您可以使用regex包進行編輯，該包支持檢查每個字符的Unicode“ Script ”屬性，並且是re包的替代品：

import regex as re

pattern = re.compile(r'([\p{IsHan}\p{IsBopo}\p{IsHira}\p{IsKatakana}]+)', re.UNICODE)

input = u'sdf344asfasf天地方益3権sdfsdf'
output = pattern.sub(r'(\1)', input)
print output  # Prints: sdf344asfasf(天地方益)3(権)sdfsdf

您應該使用您認為是“中文或日文”的字符腳本/塊來調整\\p{Is...}序列。

Answer 3

從受摩西機器翻譯工具包啟發的NLTK最前沿分支之一：

def is_cjk(character):
    """"
    Checks whether character is CJK.

        >>> is_cjk(u'\u33fe')
        True
        >>> is_cjk(u'\uFE5F')
        False

    :param character: The character that needs to be checked.
    :type character: char
    :return: bool
    """
    return any([start <= ord(character) <= end for start, end in 
                [(4352, 4607), (11904, 42191), (43072, 43135), (44032, 55215), 
                 (63744, 64255), (65072, 65103), (65381, 65500), 
                 (131072, 196607)]
                ])

有關ord()數字的細節：

class CJKChars(object):
    """
    An object that enumerates the code points of the CJK characters as listed on
    http://en.wikipedia.org/wiki/Basic_Multilingual_Plane#Basic_Multilingual_Plane

    This is a Python port of the CJK code point enumerations of Moses tokenizer:
    https://github.com/moses-smt/mosesdecoder/blob/master/scripts/tokenizer/detokenizer.perl#L309
    """
    # Hangul Jamo (1100–11FF)
    Hangul_Jamo = (4352, 4607) # (ord(u"\u1100"), ord(u"\u11ff"))

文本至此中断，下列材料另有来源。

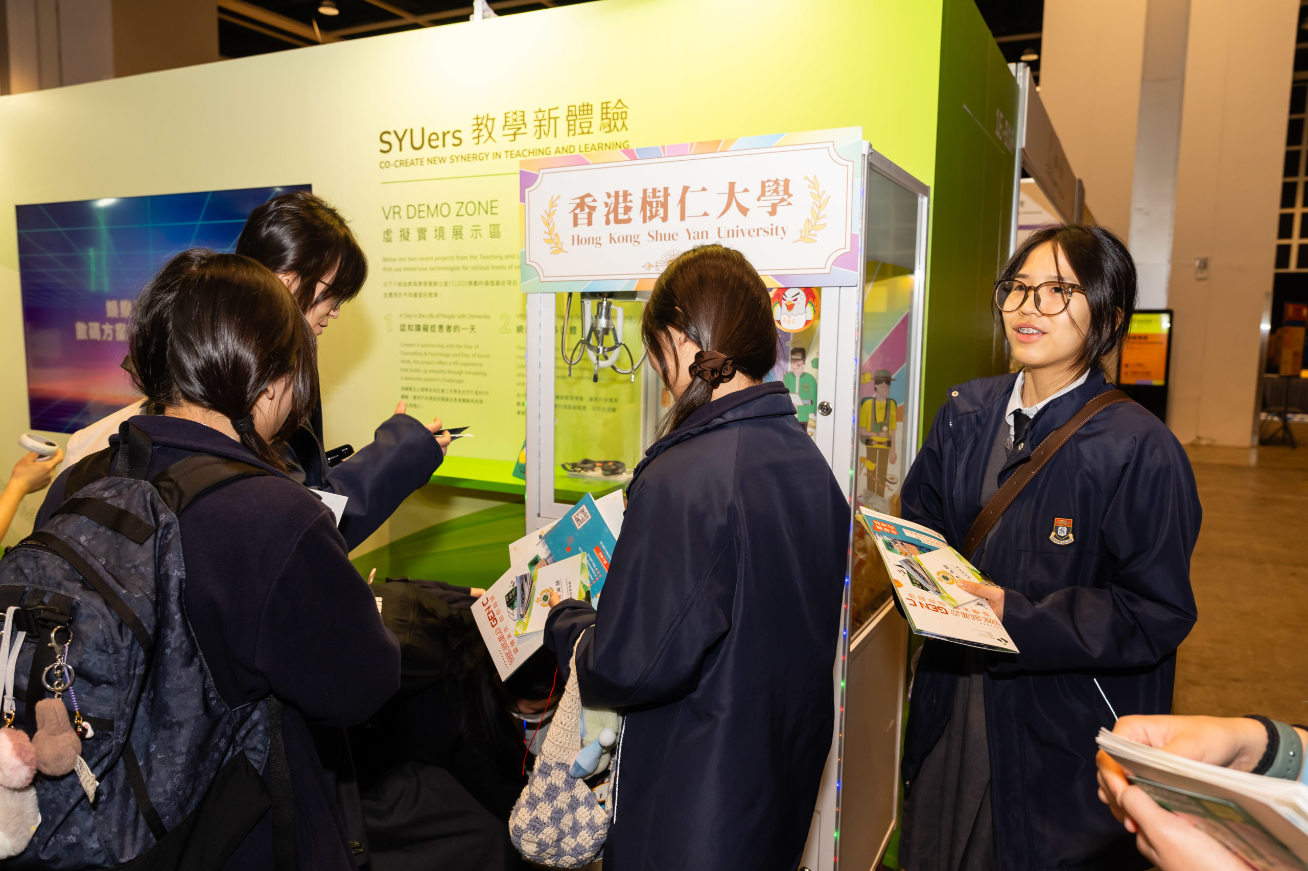 Under the theme “Co-Create Future with Shue Yan”, the University introduced its undergraduate and postgraduate programmes and campus life to visiting students, graduates, and parents through course consultations, interactive games, and immersive VR experiences.

    # CJK Radicals Supplement (2E80–2EFF)
    # Kangxi Radicals (2F00–2FDF)
    # Ideographic Description Characters (2FF0–2FFF)
    # CJK Symbols and Punctuation (3000–303F)
    # Hiragana (3040–309F)
    # Katakana (30A0–30FF)
    # Bopomofo (3100–312F)
    # Hangul Compatibility Jamo (3130–318F)
    # Kanbun (3190–319F)
    # Bopomofo Extended (31A0–31BF)
    # CJK Strokes (31C0–31EF)
    # Katakana Phonetic Extensions (31F0–31FF)
    # Enclosed CJK Letters and Months (3200–32FF)
    # CJK Compatibility (3300–33FF)
    # CJK Unified Ideographs Extension A (3400–4DBF)
    # Yijing Hexagram Symbols (4DC0–4DFF)
    # CJK Unified Ideographs (4E00–9FFF)
    # Yi Syllables (A000–A48F)
    # Yi Radicals (A490–A4CF)
    CJK_Radicals = (11904, 42191) # (ord(u"\u2e80"), ord(u"\ua4cf"))

    # Phags-pa (A840–A87F)
    Phags_Pa = (43072, 43135) # (ord(u"\ua840"), ord(u"\ua87f"))

    # Hangul Syllables (AC00–D7AF)
    Hangul_Syllables = (44032, 55215) # (ord(u"\uAC00"), ord(u"\uD7AF"))

    # CJK Compatibility Ideographs (F900–FAFF)
    CJK_Compatibility_Ideographs = (63744, 64255) # (ord(u"\uF900"), ord(u"\uFAFF"))

    # CJK Compatibility Forms (FE30–FE4F)
    CJK_Compatibility_Forms = (65072, 65103) # (ord(u"\uFE30"), ord(u"\uFE4F"))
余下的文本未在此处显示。